International air travel gaining speed in Miami
By Scott Blake
"Big Brother" will have a lot more to watch at Miami International Airport with the upcoming opening of the new $180 million Federal Inspection Services area in the airport's North Terminal.
Run by US Department of Homeland Security, the state-of-the-art facility is a labyrinth of checkpoints, surveillance cameras, waiting areas, corridors, screening and interrogation rooms — as well as holding cells for those who run afoul of federal immigration rules and regulations.
It doesn't sound like a happy place. But airport officials are happy it will finally open, slated for July 31 or soon thereafter. And they said travelers arriving on flights from outside the US also should be happy about it because wait times will be reduced.
The new facility will about double the airport's passport control lanes, which are used to process millions of incoming passengers from international flights each year.
That should significantly decrease the time to process those travelers through Miami International's in-house immigration system, which now can stretch to two or three hours or more during peak times. Typical waits are expected to be no longer than an hour once the new inspection area opens.
"The travel experience, in our opinion, is going to be greatly enhanced," said Juan Carlos Arteaga, the airport's North Terminal development program director.
When the North Terminal inspection area opens, the Central Terminal's inspection area will close temporarily until US Customs and Border Patrol staffing there can be increased enough so that both inspection areas can operate.
Federal officials have estimated the Central Terminal inspection area will be closed three to four months before it gets enough staff to reopen, Mr. Arteaga said.
Even with the Central Terminal inspection area closed temporarily, the new North Terminal inspection still will cut wait times to an hour or less, he said. And those times should be reduced even more when the Central Terminal inspection area reopens.
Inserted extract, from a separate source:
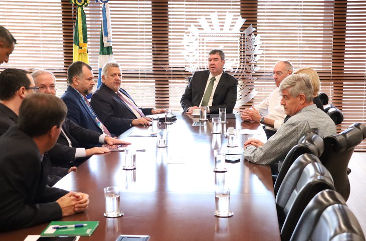 O secretário Hélio Peluffo (Seilog) também participou da reunião juntamente com outros executivos da Caixa, Augusto Vilhalba (superintendente de Rede), Márcio Fonseca (superintendente de Governos), Thiago Barros (superintende de Habitação) e Carlos Fábio (gerente de Governo).

For four to five years, passengers arriving on international flights at the North Terminal have been directed into the Central Terminal inspection area, a facility that also serves the Central Terminal's international passengers.
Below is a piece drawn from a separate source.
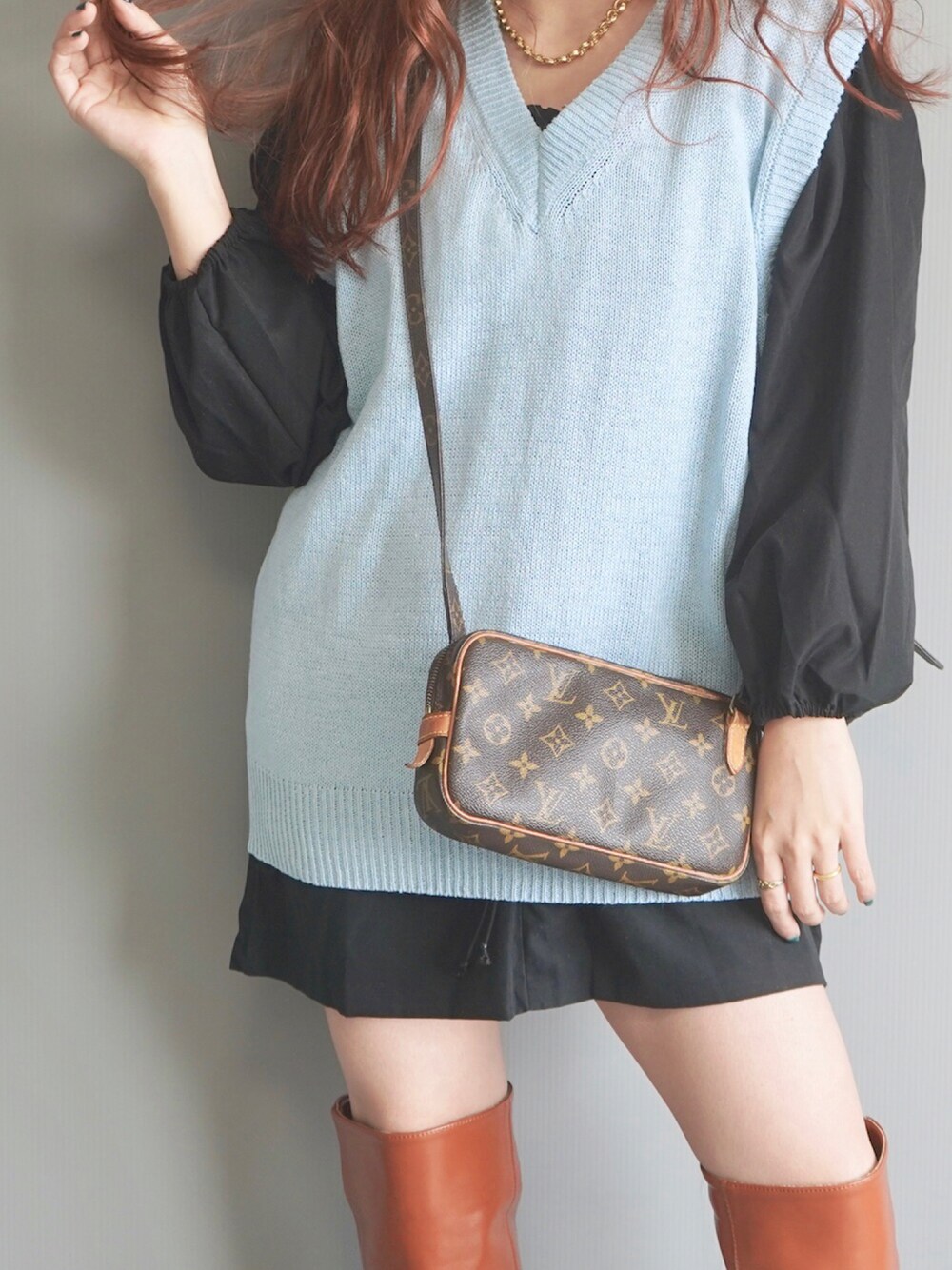 A.D.Gのベスト「V-Neck Big Knit Vest (sky blue)」を使ったコーディネート

The combined crowds have led to long lines and complaints from travelers, Mr. Arteaga said, but those kinds of problems are expected to dissipate with the opening of the new inspection area.
"Our old Concourse E facility had reached capacity," said Miami International spokesman Greg Chin, "so at certain times, we reached a point where we couldn't process them at all. We had to send some passengers to temporary facilities."
Each of the airport's North, Central and South terminals has a Federal Inspection Services area.
The North Terminal inspection area has 72 passport control lanes, where travelers are identified and can be fingerprinted and photographed, among other things.
In addition, the facility has six Global Entry automated kiosks, which offer faster processing for a fee from pre-approved travelers who have been deemed "low risk."
The Central Terminal inspection area has 32 to 36 passport control lanes, and the South Terminal inspection area has about 40 lanes, according to Mr. Arteaga.
The North Terminal inspection area covers three levels and 400,000 square feet. Workers are now putting finishing touches on the facility. Just before it opens, Homeland Security will conduct a thorough security sweep of the area, Mr. Arteaga said.
For added security during its operation, the facility will feature 25 inline explosive detection units, costing about $1 million each, to x-ray every piece of checked luggage.
The Federal Inspection Services area project was financed as part of the county-owned airport's $2.9 billion North Terminal construction project.
The new inspection area has the capacity to process up to 3,600 people an hour, and will mainly serve passengers coming in on international flights by American Airlines, which handles about 70% of passenger traffic at Miami International.
In 2010, Homeland Security announced it was enacting enhanced security measures for all air carriers with international flights to the US.
In cooperation with the United Nations, the department said, air passengers traveling to the US might notice enhanced security and random screening measures throughout the passenger check-in and boarding process, including use of explosives trace detection, advanced imaging technology, canine teams and pat-downs.
"The new measures utilize real-time, threat-based intelligence along with multiple, random layers of security, both seen and unseen, to more effectively mitigate evolving terrorist threats," Homeland Security Secretary Janet Napolitano said in a statement.